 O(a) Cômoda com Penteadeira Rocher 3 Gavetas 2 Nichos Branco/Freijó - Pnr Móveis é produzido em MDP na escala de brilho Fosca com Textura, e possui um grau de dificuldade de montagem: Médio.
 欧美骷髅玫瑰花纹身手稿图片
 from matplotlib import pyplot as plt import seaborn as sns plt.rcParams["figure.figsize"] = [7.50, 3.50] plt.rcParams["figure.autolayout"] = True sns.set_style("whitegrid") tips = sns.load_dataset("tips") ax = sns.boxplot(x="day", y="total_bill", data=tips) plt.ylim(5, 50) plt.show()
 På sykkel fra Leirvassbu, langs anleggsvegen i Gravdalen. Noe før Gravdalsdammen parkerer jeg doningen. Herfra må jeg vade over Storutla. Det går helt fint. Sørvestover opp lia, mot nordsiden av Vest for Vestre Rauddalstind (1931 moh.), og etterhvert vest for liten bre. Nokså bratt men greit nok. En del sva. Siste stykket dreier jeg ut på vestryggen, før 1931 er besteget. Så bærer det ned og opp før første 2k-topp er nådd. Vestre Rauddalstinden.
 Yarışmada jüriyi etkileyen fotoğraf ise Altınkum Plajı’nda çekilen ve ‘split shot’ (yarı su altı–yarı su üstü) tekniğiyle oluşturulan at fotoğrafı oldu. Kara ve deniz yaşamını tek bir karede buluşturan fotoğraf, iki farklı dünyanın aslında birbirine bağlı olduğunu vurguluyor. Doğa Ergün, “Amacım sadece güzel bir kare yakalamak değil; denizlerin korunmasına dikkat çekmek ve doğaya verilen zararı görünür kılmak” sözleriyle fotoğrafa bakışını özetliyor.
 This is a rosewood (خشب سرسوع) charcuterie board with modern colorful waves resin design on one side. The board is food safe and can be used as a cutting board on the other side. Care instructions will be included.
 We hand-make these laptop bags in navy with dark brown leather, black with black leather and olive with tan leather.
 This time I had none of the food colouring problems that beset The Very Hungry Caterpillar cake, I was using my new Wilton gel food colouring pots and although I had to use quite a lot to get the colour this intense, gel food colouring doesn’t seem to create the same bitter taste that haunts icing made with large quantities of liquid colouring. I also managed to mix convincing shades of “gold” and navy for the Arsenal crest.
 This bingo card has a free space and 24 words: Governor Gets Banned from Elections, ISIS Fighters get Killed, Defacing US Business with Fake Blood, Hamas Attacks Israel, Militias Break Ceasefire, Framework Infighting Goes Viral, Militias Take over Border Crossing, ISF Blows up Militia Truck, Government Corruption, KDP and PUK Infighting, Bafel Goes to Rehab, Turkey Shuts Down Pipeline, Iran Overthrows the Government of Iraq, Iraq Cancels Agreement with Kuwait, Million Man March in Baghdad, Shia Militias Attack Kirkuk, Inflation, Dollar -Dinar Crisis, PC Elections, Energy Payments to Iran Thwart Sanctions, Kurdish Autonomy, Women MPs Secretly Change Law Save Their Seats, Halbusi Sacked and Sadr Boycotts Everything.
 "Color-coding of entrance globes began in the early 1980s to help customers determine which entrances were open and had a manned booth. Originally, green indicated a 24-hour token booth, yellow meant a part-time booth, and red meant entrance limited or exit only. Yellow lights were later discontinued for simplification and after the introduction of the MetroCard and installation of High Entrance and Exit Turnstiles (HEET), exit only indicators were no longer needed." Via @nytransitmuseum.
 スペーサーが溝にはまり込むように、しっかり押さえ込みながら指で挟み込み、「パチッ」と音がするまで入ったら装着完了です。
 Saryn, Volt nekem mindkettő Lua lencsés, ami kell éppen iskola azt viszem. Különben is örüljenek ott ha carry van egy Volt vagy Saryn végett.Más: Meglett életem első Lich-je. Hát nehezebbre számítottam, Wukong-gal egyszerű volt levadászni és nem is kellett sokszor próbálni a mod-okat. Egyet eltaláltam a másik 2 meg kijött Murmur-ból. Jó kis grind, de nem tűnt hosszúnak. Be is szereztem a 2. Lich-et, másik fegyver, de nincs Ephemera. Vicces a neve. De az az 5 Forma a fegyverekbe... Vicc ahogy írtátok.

-=-=-=-=-

- EXERCISE -
Could you write out, exactly as they stand, only the lines above that begin at the line with "欧美骷髅玫瑰花纹身手稿图片" and stop after the line with "This is a rosewood"?

- RESULT FOR THIS TASK -
 欧美骷髅玫瑰花纹身手稿图片
 from matplotlib import pyplot as plt import seaborn as sns plt.rcParams["figure.figsize"] = [7.50, 3.50] plt.rcParams["figure.autolayout"] = True sns.set_style("whitegrid") tips = sns.load_dataset("tips") ax = sns.boxplot(x="day", y="total_bill", data=tips) plt.ylim(5, 50) plt.show()
 På sykkel fra Leirvassbu, langs anleggsvegen i Gravdalen. Noe før Gravdalsdammen parkerer jeg doningen. Herfra må jeg vade over Storutla. Det går helt fint. Sørvestover opp lia, mot nordsiden av Vest for Vestre Rauddalstind (1931 moh.), og etterhvert vest for liten bre. Nokså bratt men greit nok. En del sva. Siste stykket dreier jeg ut på vestryggen, før 1931 er besteget. Så bærer det ned og opp før første 2k-topp er nådd. Vestre Rauddalstinden.
 Yarışmada jüriyi etkileyen fotoğraf ise Altınkum Plajı’nda çekilen ve ‘split shot’ (yarı su altı–yarı su üstü) tekniğiyle oluşturulan at fotoğrafı oldu. Kara ve deniz yaşamını tek bir karede buluşturan fotoğraf, iki farklı dünyanın aslında birbirine bağlı olduğunu vurguluyor. Doğa Ergün, “Amacım sadece güzel bir kare yakalamak değil; denizlerin korunmasına dikkat çekmek ve doğaya verilen zararı görünür kılmak” sözleriyle fotoğrafa bakışını özetliyor.
 This is a rosewood (خشب سرسوع) charcuterie board with modern colorful waves resin design on one side. The board is food safe and can be used as a cutting board on the other side. Care instructions will be included.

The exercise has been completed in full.